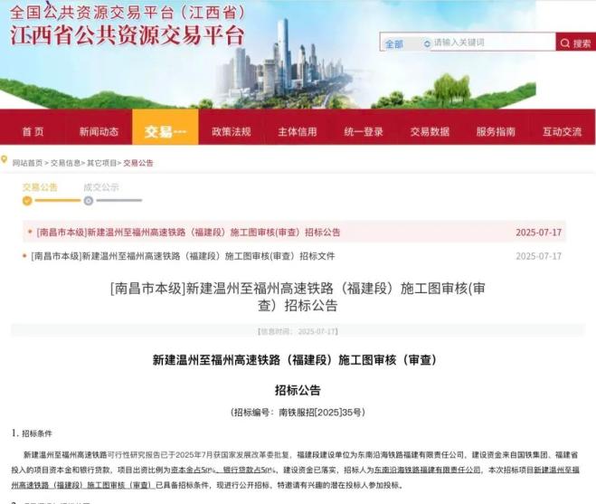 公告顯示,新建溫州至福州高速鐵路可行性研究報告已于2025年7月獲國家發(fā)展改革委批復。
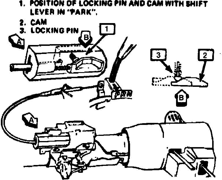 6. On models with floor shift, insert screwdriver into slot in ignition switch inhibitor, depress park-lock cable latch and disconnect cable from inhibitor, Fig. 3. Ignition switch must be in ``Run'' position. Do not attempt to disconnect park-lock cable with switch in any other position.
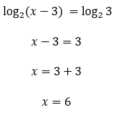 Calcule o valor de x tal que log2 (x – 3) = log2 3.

* * *

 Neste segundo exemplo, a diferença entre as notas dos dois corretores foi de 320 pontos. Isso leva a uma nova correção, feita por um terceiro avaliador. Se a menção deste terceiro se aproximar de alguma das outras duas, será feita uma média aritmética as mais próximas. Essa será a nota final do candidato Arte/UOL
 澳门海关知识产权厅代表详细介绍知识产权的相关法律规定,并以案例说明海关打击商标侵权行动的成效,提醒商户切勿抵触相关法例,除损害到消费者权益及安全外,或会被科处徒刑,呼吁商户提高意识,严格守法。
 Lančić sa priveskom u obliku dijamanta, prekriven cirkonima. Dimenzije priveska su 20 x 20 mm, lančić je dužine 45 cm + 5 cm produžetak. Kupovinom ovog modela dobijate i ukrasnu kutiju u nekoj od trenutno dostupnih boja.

→ YOUR TASK: From the entries above, copy exactly the lines starting at the one with "6. On models" and stopping at the one with "Calcule o valor", keeping both ends. Drop the pictures.

→ ANSWER TO THIS EXERCISE:
 6. On models with floor shift, insert screwdriver into slot in ignition switch inhibitor, depress park-lock cable latch and disconnect cable from inhibitor, Fig. 3. Ignition switch must be in ``Run'' position. Do not attempt to disconnect park-lock cable with switch in any other position.
 Calcule o valor de x tal que log2 (x – 3) = log2 3.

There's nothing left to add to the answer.